Normal Childhood

Sirens sounding again! The noise is deafening, surrounding me. Is this another drill or is it real this time? I stand there motionless. What am I supposed to do? Oh yeah... get under the desk, cover my head, don't look towards the bright light. What else... I can't remember... I'm so scared. It's the waiting under this desk that is going to drive me crazy. Waiting to see if IT is really going to happen or is just another drill. Oh gross! Someone has stuck gum under here. Now what did they go and do that for? It'll probably get in my hair when the bomb hits and this desk falls on my head. Then Mom will have to cut it out with her scissors. Boy, she's gonna be mad at me if I come home with gum in my hair.

I did not look at the gum again, but at my classmates under their desks, some with tear filled eyes, others with eyes tightly clinched too scared to open them, and still others laughing, as if this was a game. We were sitting on a tile floor scuffed with black heel marks from patent leather shoes. The thought of running out of the classroom door and all the way home crossed my mind, but my legs were numb from fear. I tried to think of something else, my dog Teddy, a TV show I had seen the day before, all my beautiful dolls in my bedroom at home, anything other than the room I was sitting in. Finally I heard my teacher, Mrs. White, telling us it is all clear, we could now get up and sit in our seats. A feeling of apprehension passed through me, as I slowly crawled out from under my safe haven. I had the same feeling when I thought the boogie man was hiding under my bed and I looked and saw nothing but still felt something was going to get me.

Who can say what a normal childhood is. When I was in third grade, I really didn't realize all the crazy things going on in the world around me. Bomb shelters were in style, not designer labels on jeans. Just because some man named Fidel Castro was mad at President Kennedy, we had to bring a box to school with cans of food, water, a blanket, and extra clothes in it. My Mom added a first aid kit with bandaids in my box. "Just in case", she said. I thought it was a wonderful idea at the time. Looking back, I think, bandaids wouldn't have helped the booboos the bombs could have made. But when you are a kid, you think bandaids make everything feel better.

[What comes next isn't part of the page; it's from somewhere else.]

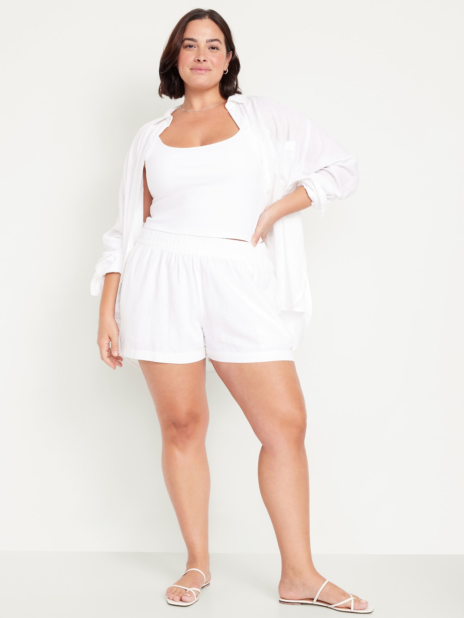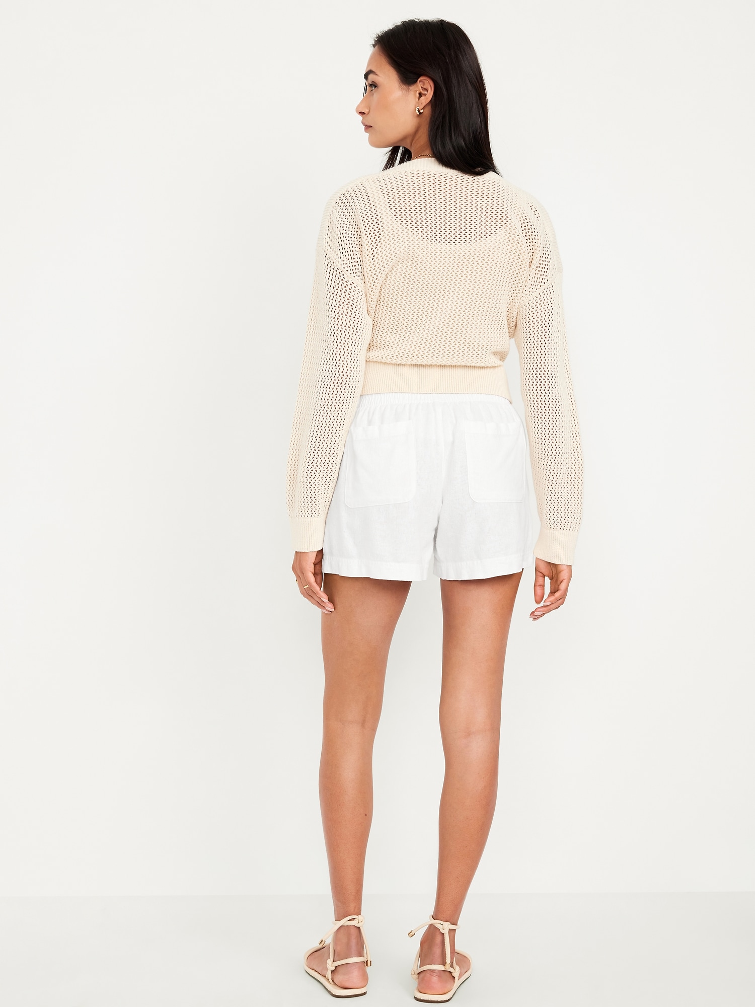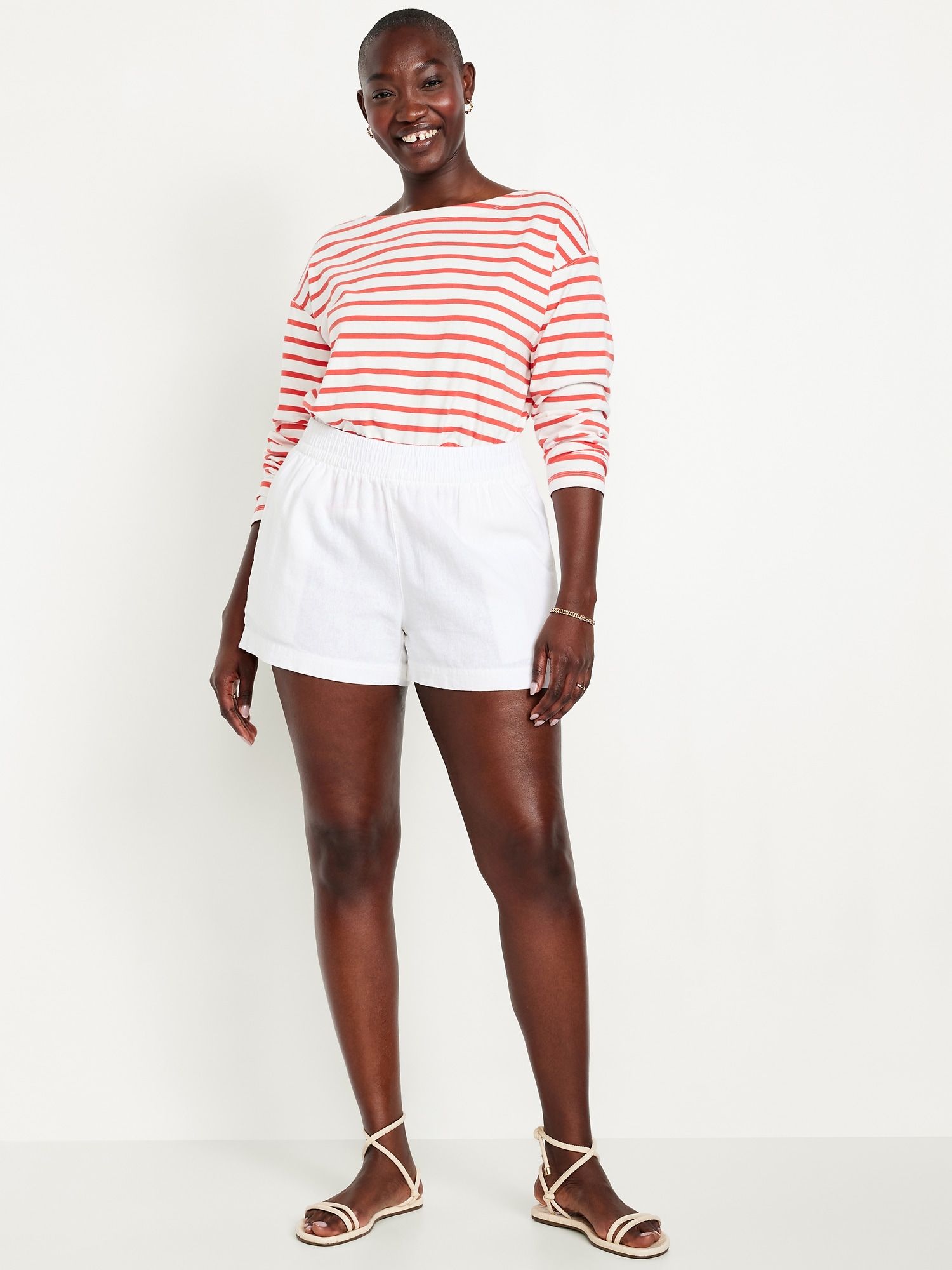 High-Waisted Linen-Blend Pull-On Shorts — 3.5-inch inseam

About once a month my family and a few of their friends would drive out of town, on the state highway, to Masaryktown. We would camp beside a lake that was down a long dirt road, way back in the woods. Seemed like it took forever to get there. The wind carried an abundance of scents, the pine from the woods, the perfume of the wildflowers, and the smoke from the campfire. I would have enjoyed it a lot more if the mosquitoes had not tried to eat me alive. "Just a camping trip" the grown ups would tell us kids. But I knew better. I had heard my parents talking. This was another kind of drill called evacuation. My Dad called it, "Getting the hell out of Dodge." The lake was a hiding place, just in case Castro sent the bombs. Mama was afraid that mad man was going to kill us all. She would cry and my Dad would tell her it would be all right. It seems Castro was mad at the people at MacDill Air Force Base also, and we lived close to MacDill so we could not stay in our home.

Eight years old is such a young age to realize your own mortality. Mixed thoughts went through my head. Why should I have to waste my time going to school? I wanted to do things I wanted to do! I wanted to be able to grow old like my Mom and Dad. I wondered what it is like to be dead.